You are viewing a plain text version of this content. The canonical link for it is here.
Posted to dev@subversion.apache.org by e....@gmx.net on 2003/06/26 16:36:10 UTC

cvs2svn.py fails converting repository with the attached file

Hi,

Some time in the past I have committed files to my cvs repository with
spaces in the author name (ie USER="Erik Huelsmann") obviously, this was before I
started using unix, but the repository came with me to my new OSes. CVS nor
RCS choke on it, but cvs2svn.py does. It happens - amongst other files - with
the file attached to this mail. Should an issue be created for this?

bye,


Erik Huelsmann

-- 
+++ GMX - Mail, Messaging & more  http://www.gmx.net +++
Bitte lächeln! Fotogalerie online mit GMX ohne eigene Homepage!
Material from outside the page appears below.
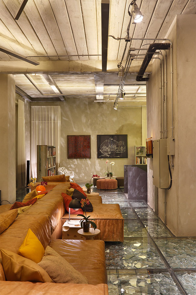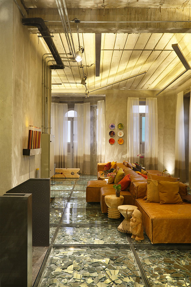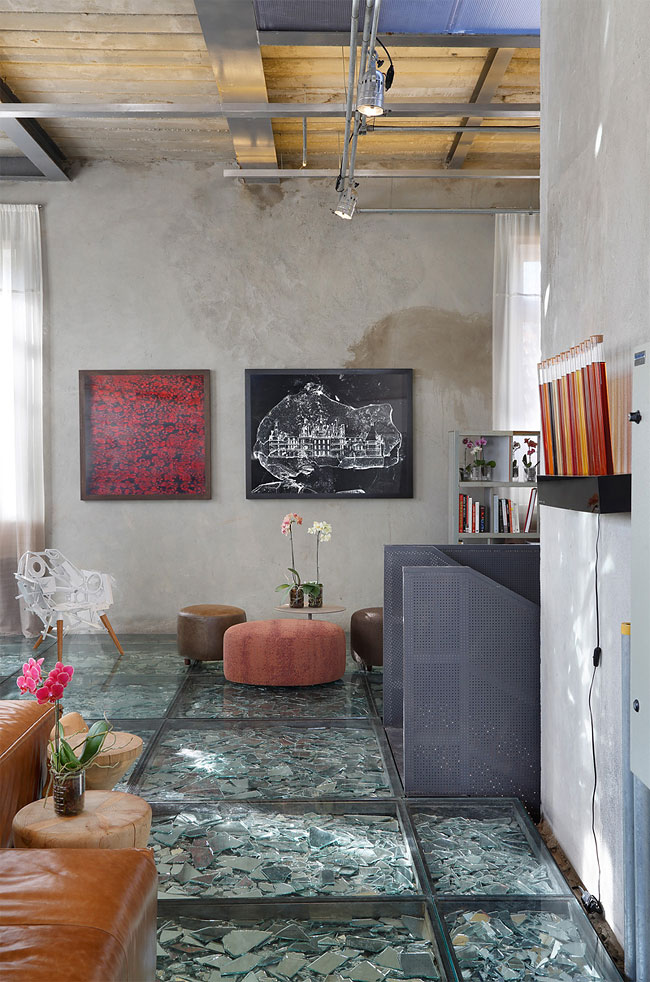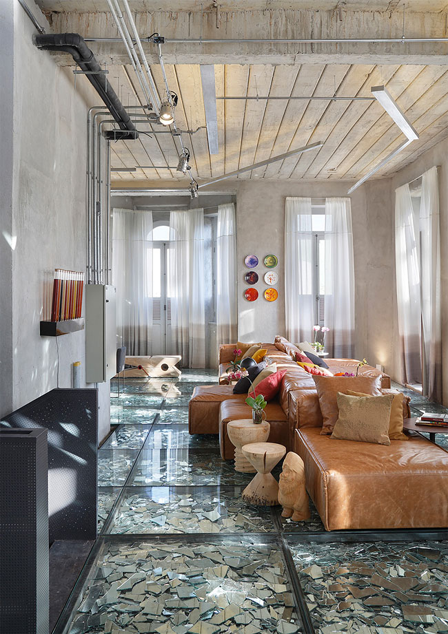Друзья, не мог пройти мимо данных фотографий. И конечно же я хочу поделиться ими с Вами. Сегодня речь пойдёт о дизайне квартиры или же дома. В данном случае дизайнеры поработали, как по моему, очень славно. А главной особенностью тут является пол из осколков разбитого зеркала, которое находится под плотно застеклённым полом. Такой дизайн пола явно не подходит для суеверных людей. Но всё же стоит внимания, так что обязательно взгляните на это чудо дизайна.
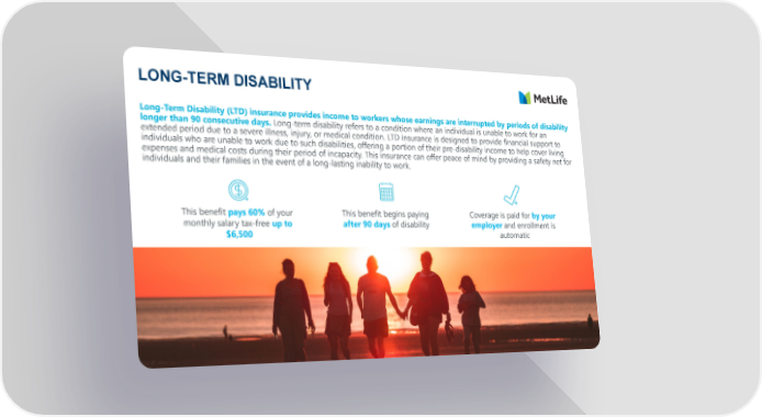 LONG-TERM DISABILITY Long-Term Disability (LTD) insurance provides income to workers whose earnings are interrupted by periods of disability longer than 90 consecutive days. Long-term disability refers to a condition where an individual is unable to work for an extended period due to a severe illness, injury, or medical condition. LTD insurance is designed to provide financial support to individuals who are unable to work due to such disabilities, offering a portion of their pre-disability income to help cover living expenses and medical costs during their period of incapacity. This insurance can offer peace of mind by providing a safety net for individuals and their families in the event of a long-lasting inability to work. This benefit pays 60% of your This benefit begins paying Coverage is paid for by your monthly salary tax-free up to after 90 days of disability employer and enrollment is $6,500 automatic

Re: cvs2svn.py fails converting repository with the attached file

Posted by e....@gmx.net.
It does fix my problems, so I guess that if it is not part of svn then there
must be some other way to make it part of rcsparse. Who maintains the
repository? I looked at ViewCVS, but did not really find an address to submit
things to.

It looks to me like this is a pre-1.0 issue.

bye,


Erik.

> On Thu, Jun 26, 2003 at 06:36:10PM +0200, e.huelsmann@gmx.net wrote:
> > Hi,
> > 
> > Some time in the past I have committed files to my cvs repository with
> > spaces in the author name (ie USER="Erik Huelsmann") obviously, this was
> before I
> > started using unix, but the repository came with me to my new OSes. CVS
> nor
> > RCS choke on it, but cvs2svn.py does. It happens - amongst other files -
> with
> > the file attached to this mail. Should an issue be created for this?
> > 
> 
> Not if the following patch fixes it. :-)
> 
> rcsparse isn't technically part of svn, so I haven't committed
> this change. :-(
> 
> Let me know if this works.
> 
> --ben
> 
> 
> --- tools/cvs2svn/rcsparse/common.py	Sun Jun  8 18:08:27 2003
> +++ tools/cvs2svn/rcsparse/common.py	Thu Jun 26 13:10:43 2003
> @@ -153,11 +153,16 @@
>        timestamp = compat.timegm(tuple(date_fields))
>  
>        # Parse author
> -      semi, author, sym = self.ts.mget(3)
> +      sym = self.ts.get()
>        if sym != 'author':
>          raise RCSExpected(sym, 'author')
> -      if semi != ';':
> -        raise RCSExpected(semi, ';')
> +      author = ''
> +      while 1:
> +        token = self.ts.get()
> +        if token == ';':
> +          break
> +        author = author + token + ' '
> +      author = author[:-1]
>  
>        # Parse state
>        self.ts.match('state')
> 

-- 
+++ GMX - Mail, Messaging & more  http://www.gmx.net +++
Bitte lächeln! Fotogalerie online mit GMX ohne eigene Homepage!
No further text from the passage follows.